Certain employees of a related company performed services for the Company
which were billed based on the actual amount of time spent by these
individuals performing services for the Company. These charges were
expensed based on the nature of the services provided. During the year
ended December 31, 1999, the Company recorded $78,223 and $28,491 of sales
and marketing, and general and administrative expenses, respectively,
related to these billings.
10
<PAGE>
7. 401(k) Savings Plan
At December 31, 1999, the Company had established a defined contribution
savings plan under Section 401(k) of the Internal Revenue Code. This plan
covers substantially all employees who meet minimum age and service
requirements and allows participants to defer a portion of their annual
compensation on a pre-tax basis. Company contributions to the plan may be
made at the discretion of the Board of Directors. To date there were no
contributions made to the plan by the Company.
8. Subsequent Event (unaudited)
On January 3, 2000, the Company repurchased 143,258 shares of its common
stock from six shareholders in exchange for $900. The repurchase of these
shares is reflected at cost in the accompanying financial statements.
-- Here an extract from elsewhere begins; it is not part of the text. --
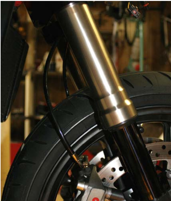
c. Right caliper, routing behind forks

In addition, in January 2000, the Company granted 39,458 shares of common
stock to two existing shareholders and 103,800 shares of common stock to an
employee of the Company. The Company recorded a one-time charge of
$4,443,863 related to these based on the estimated fair value of the
Company's common stock at that date, as determined by the Board of
Directors.
On March 21, 2000 and April 26, 2000, the Company declared 100-for-1 and 6-
for-1 stock splits. These stock splits are reflected in the accompanying
financial statements.
On May 1, 2000, the Company's Board of Directors approved the WireSpeed
Communications Corporation Stock Option Plan (the "Stock Option Plan").
Under the Stock Option Plan, the Company can issue up to 500,000 options to
purchase the Company's common stock. During May and June 2000, the Company
granted 57,950 options under the Stock Option Plan. The Company recorded
deferred compensation of $1,939,587 related to these stock option grants to
reflect the difference between the estimated fair value of the Company's
common stock at the date of issuance and the exercise price of the options.
Certain employees received accelerated vesting to reflect previous service
to the Company. As a result, $739,384 of the deferred compensation charge
was immediately expensed at the date the related options were granted. The
remaining deferred compensation balance will be recognized over the
remaining vesting period of these options.
On June 14, 2000, the Company entered into a stock purchase agreement with
Red Hat, Inc. ("Red Hat") and on July 27, 2000, the acquisition of the
Company by Red Hat was completed. Under the terms of this agreement, Red
Hat acquired all of the outstanding shares of the Company in exchange of
1,461,119 shares of Red Hat common stock and options to purchase 64,246
shares of Red Hat common stock. In addition, the Company can earn up to an
additional $49,500,000 of Red Hat stock based on achievement by the
WireSpeed business of specific revenue milestones for the six month periods
ended February 28, 2001, August 31, 2001 and February 28, 2002.